» **Task brief**:
Further down are entries; set down exactly and only the lines from the one with "书房选用了奥地利原装进口的爱" up to and including the one with "本来なら日本では沖縄にのみ生えるシダ植物ですが、 園芸用として持ち込まれた結果、 広く野生化しました。", dropping each picture.

» **Information given**:
# # # # # # #
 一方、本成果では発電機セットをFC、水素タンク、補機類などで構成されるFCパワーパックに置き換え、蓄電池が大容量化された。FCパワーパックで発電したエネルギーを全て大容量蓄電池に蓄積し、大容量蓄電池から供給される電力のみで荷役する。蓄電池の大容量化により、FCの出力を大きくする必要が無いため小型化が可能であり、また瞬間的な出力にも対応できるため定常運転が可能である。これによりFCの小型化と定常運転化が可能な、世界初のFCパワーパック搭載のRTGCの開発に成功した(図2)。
# # # # # # #
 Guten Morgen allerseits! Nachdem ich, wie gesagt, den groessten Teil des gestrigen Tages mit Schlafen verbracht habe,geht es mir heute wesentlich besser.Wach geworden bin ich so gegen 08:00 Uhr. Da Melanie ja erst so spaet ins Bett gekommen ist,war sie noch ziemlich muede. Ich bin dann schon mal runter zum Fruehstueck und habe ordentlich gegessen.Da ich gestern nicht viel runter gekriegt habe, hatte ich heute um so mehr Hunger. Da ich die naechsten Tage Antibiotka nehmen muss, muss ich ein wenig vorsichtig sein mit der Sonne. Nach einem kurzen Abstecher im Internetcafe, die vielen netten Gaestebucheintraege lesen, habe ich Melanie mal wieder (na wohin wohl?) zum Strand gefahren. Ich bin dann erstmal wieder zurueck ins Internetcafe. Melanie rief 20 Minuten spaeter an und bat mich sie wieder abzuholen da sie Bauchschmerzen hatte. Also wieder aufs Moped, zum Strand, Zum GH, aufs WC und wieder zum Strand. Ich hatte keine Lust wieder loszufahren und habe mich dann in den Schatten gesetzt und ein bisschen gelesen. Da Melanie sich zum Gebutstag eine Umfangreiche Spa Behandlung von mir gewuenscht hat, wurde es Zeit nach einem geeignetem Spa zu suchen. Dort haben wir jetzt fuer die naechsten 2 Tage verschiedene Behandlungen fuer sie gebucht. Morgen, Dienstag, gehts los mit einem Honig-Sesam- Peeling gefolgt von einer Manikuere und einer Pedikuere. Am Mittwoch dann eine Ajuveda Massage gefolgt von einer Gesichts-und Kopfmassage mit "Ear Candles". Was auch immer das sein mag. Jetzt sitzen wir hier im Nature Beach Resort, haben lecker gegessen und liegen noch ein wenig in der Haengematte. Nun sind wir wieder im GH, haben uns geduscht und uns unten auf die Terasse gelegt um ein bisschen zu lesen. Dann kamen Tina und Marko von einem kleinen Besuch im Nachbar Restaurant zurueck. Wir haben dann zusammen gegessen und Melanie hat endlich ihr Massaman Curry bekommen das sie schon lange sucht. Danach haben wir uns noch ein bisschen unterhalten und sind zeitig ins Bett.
# # # # # # #
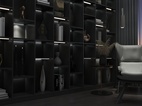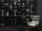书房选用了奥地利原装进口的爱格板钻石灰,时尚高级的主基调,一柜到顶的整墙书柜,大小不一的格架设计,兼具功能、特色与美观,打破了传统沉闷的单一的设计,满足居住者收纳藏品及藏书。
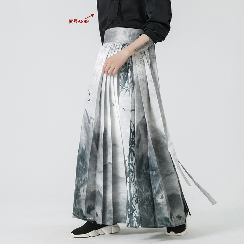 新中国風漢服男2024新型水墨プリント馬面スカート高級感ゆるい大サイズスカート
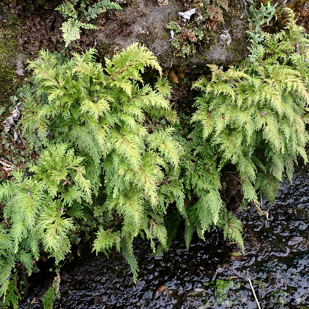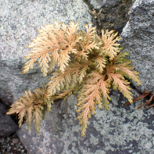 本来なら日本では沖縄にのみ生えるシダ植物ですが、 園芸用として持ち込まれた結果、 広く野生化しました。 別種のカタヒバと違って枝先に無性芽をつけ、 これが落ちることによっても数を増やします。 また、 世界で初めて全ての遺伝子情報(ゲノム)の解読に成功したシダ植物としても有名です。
# # # # # # #
» **Completed task**:
书房选用了奥地利原装进口的爱格板钻石灰,时尚高级的主基调,一柜到顶的整墙书柜,大小不一的格架设计,兼具功能、特色与美观,打破了传统沉闷的单一的设计,满足居住者收纳藏品及藏书。
 新中国風漢服男2024新型水墨プリント馬面スカート高級感ゆるい大サイズスカート
 本来なら日本では沖縄にのみ生えるシダ植物ですが、 園芸用として持ち込まれた結果、 広く野生化しました。 別種のカタヒバと違って枝先に無性芽をつけ、 これが落ちることによっても数を増やします。 また、 世界で初めて全ての遺伝子情報(ゲノム)の解読に成功したシダ植物としても有名です。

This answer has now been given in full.